• Exercise brief
Make an exact copy of the lines from the one holding "As a guy, I" through the end of the entries below, both ends kept, and of nothing else. Exclude pictures.

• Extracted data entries
'''
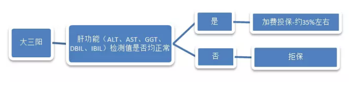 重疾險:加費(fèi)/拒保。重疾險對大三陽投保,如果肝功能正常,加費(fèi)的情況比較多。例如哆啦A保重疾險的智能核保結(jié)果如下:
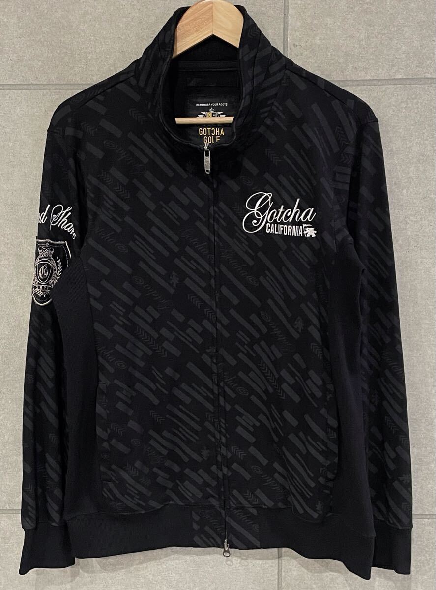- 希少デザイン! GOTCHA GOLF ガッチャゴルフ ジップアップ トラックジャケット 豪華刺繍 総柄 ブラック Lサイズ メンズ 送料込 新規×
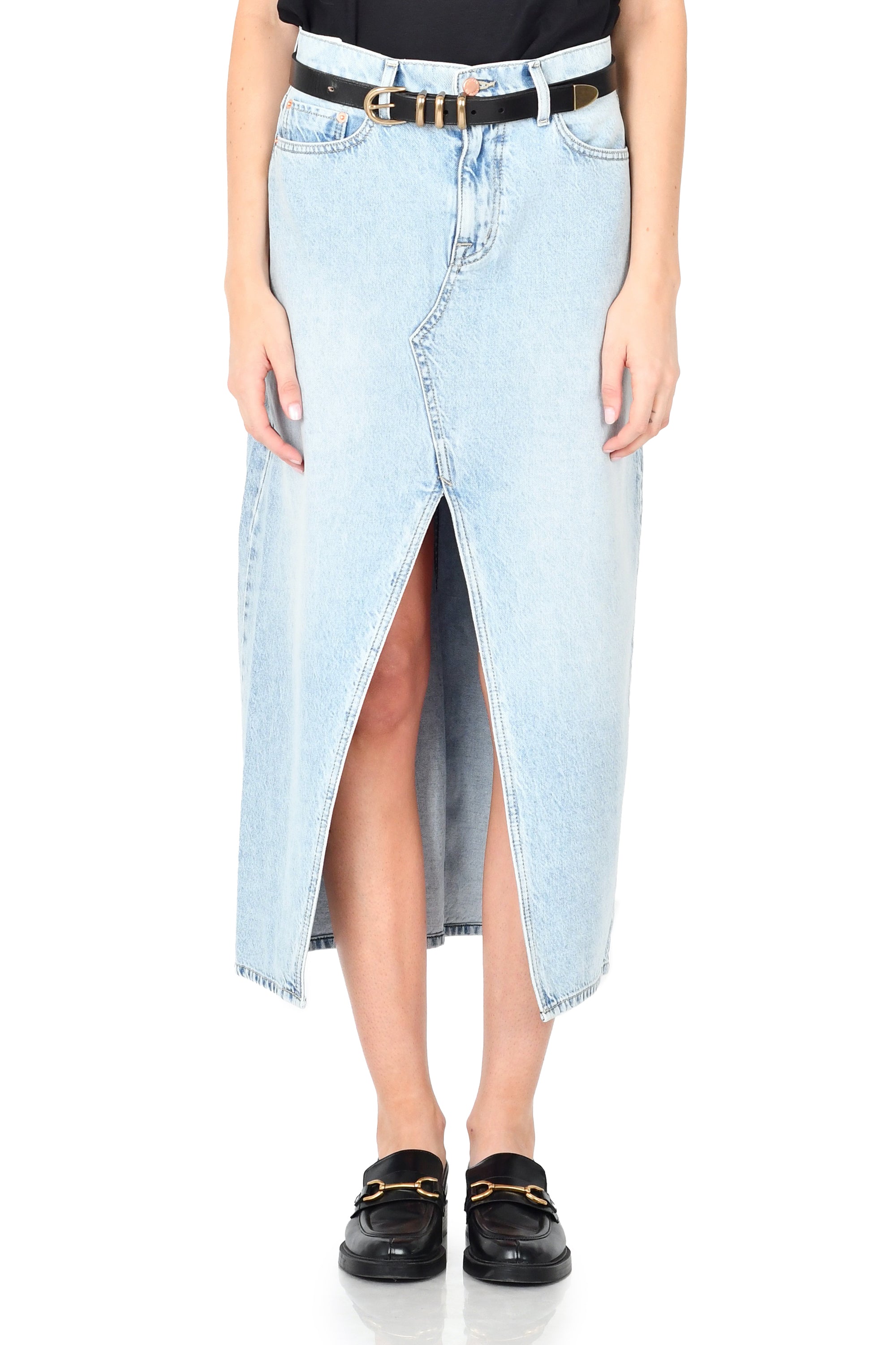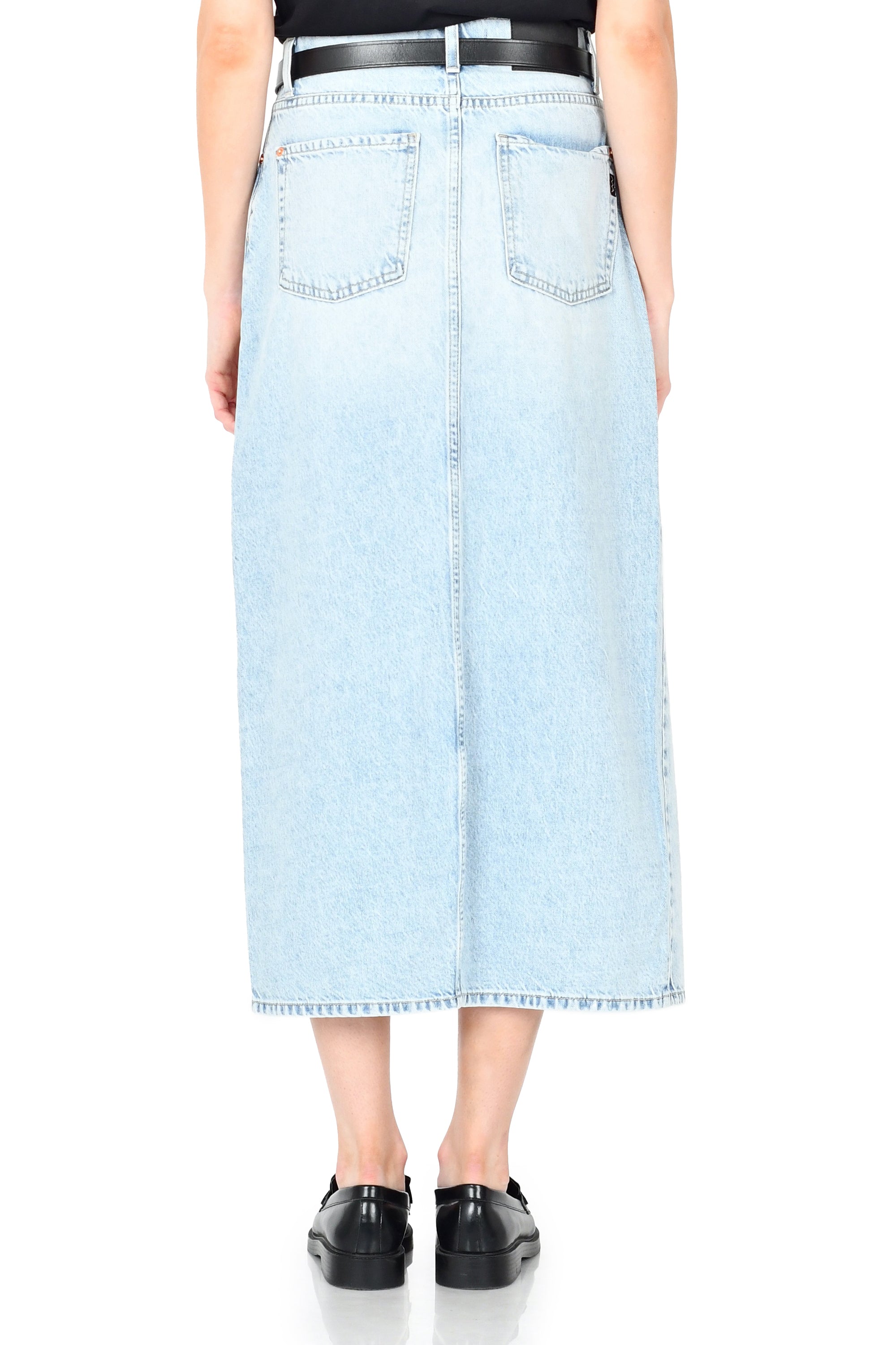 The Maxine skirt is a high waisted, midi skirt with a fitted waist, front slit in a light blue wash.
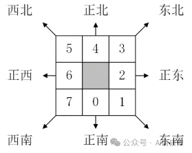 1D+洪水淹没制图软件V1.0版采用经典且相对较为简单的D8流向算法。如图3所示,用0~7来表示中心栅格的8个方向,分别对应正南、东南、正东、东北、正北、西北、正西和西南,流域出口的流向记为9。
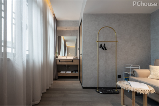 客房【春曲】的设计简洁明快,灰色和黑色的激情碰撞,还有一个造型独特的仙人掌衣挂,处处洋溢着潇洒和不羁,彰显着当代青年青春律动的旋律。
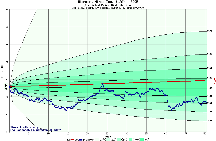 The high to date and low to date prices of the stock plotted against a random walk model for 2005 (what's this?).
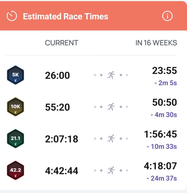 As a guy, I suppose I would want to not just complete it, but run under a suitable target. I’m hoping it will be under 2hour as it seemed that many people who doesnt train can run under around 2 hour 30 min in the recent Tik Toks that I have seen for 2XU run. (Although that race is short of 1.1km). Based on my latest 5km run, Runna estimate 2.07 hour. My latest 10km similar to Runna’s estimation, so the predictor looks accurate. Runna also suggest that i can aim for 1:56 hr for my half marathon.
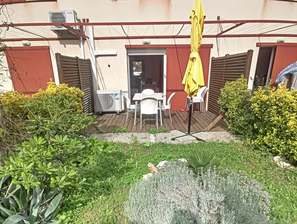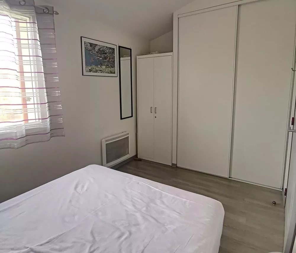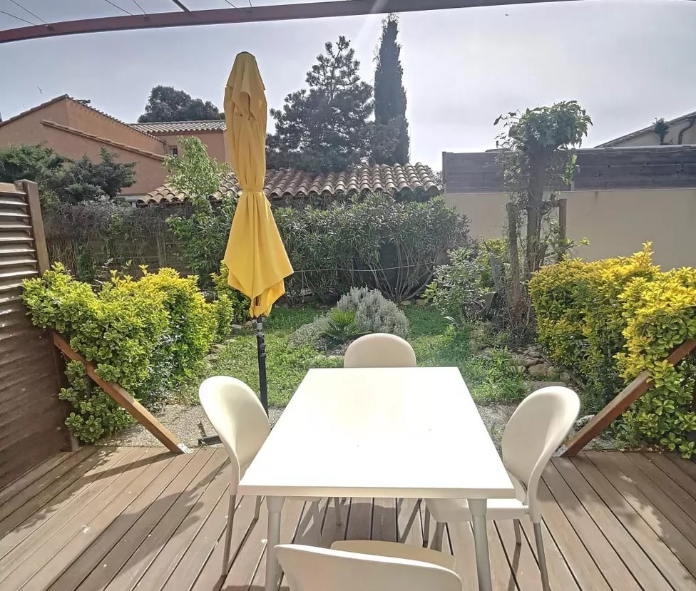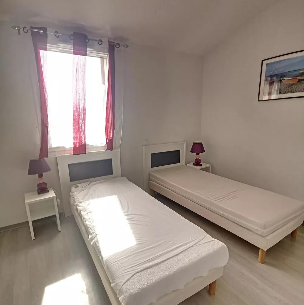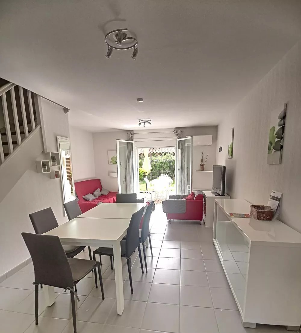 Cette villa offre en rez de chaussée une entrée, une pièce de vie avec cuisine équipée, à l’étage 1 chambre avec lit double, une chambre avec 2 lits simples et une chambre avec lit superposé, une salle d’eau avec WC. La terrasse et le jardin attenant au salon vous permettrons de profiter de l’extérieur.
'''
• Exercise answer
 As a guy, I suppose I would want to not just complete it, but run under a suitable target. I’m hoping it will be under 2hour as it seemed that many people who doesnt train can run under around 2 hour 30 min in the recent Tik Toks that I have seen for 2XU run. (Although that race is short of 1.1km). Based on my latest 5km run, Runna estimate 2.07 hour. My latest 10km similar to Runna’s estimation, so the predictor looks accurate. Runna also suggest that i can aim for 1:56 hr for my half marathon.
 Cette villa offre en rez de chaussée une entrée, une pièce de vie avec cuisine équipée, à l’étage 1 chambre avec lit double, une chambre avec 2 lits simples et une chambre avec lit superposé, une salle d’eau avec WC. La terrasse et le jardin attenant au salon vous permettrons de profiter de l’extérieur.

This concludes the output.